→ **WHAT YOU SHOULD DO**: What you return must match the listing below character for character, minus any pictures.

→ **DATA SHOWN**:
========

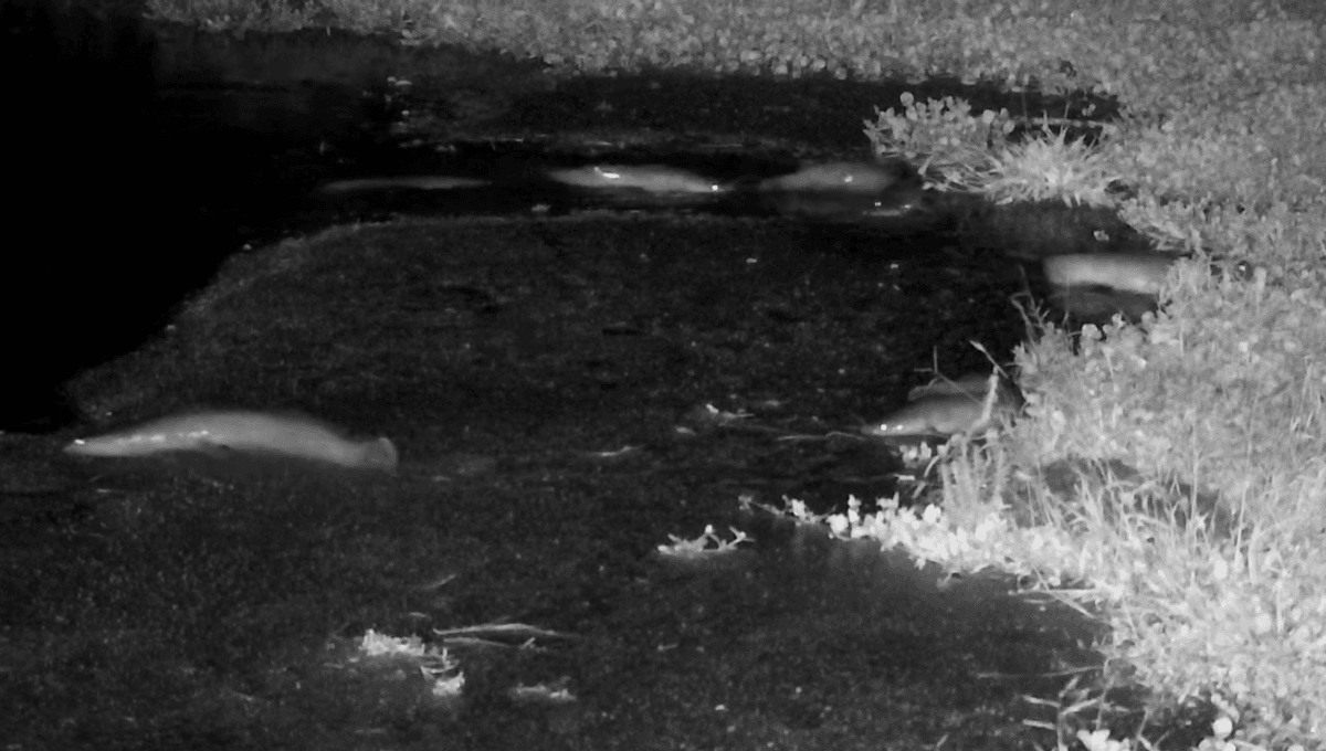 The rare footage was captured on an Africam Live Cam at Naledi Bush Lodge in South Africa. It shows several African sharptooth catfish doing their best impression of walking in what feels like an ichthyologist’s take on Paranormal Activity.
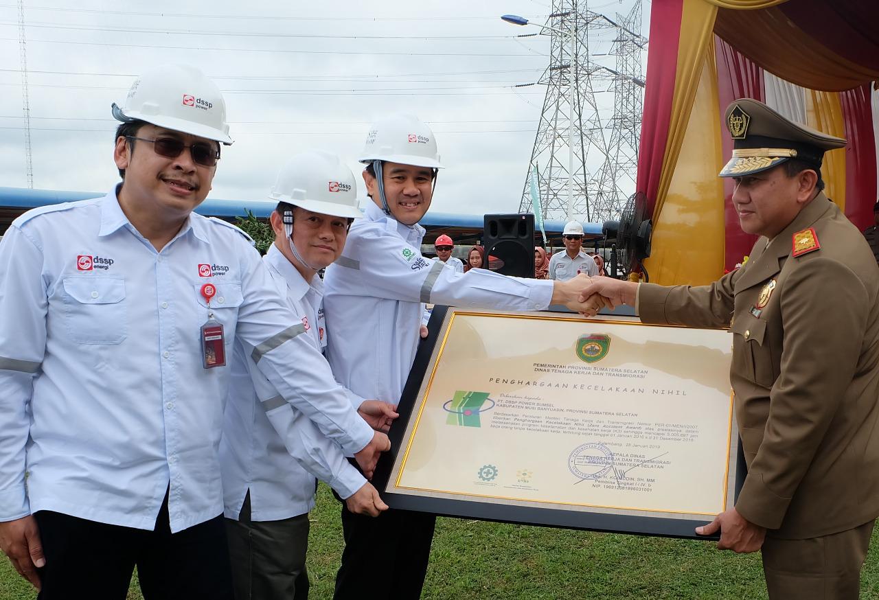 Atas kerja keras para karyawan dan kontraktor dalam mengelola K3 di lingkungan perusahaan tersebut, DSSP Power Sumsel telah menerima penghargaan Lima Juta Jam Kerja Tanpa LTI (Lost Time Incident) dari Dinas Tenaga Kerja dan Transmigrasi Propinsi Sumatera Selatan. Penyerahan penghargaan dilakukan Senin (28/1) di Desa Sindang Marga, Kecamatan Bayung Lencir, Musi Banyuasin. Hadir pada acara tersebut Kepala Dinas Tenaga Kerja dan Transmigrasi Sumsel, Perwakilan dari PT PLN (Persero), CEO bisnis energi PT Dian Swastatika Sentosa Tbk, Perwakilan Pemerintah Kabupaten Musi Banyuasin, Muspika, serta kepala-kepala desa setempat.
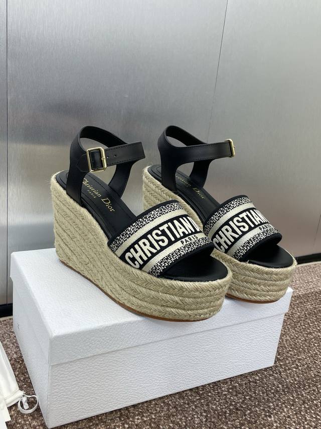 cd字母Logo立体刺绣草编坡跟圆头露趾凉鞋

========

→ **REPLY**:
 The rare footage was captured on an Africam Live Cam at Naledi Bush Lodge in South Africa. It shows several African sharptooth catfish doing their best impression of walking in what feels like an ichthyologist’s take on Paranormal Activity.
 Atas kerja keras para karyawan dan kontraktor dalam mengelola K3 di lingkungan perusahaan tersebut, DSSP Power Sumsel telah menerima penghargaan Lima Juta Jam Kerja Tanpa LTI (Lost Time Incident) dari Dinas Tenaga Kerja dan Transmigrasi Propinsi Sumatera Selatan. Penyerahan penghargaan dilakukan Senin (28/1) di Desa Sindang Marga, Kecamatan Bayung Lencir, Musi Banyuasin. Hadir pada acara tersebut Kepala Dinas Tenaga Kerja dan Transmigrasi Sumsel, Perwakilan dari PT PLN (Persero), CEO bisnis energi PT Dian Swastatika Sentosa Tbk, Perwakilan Pemerintah Kabupaten Musi Banyuasin, Muspika, serta kepala-kepala desa setempat.
 cd字母Logo立体刺绣草编坡跟圆头露趾凉鞋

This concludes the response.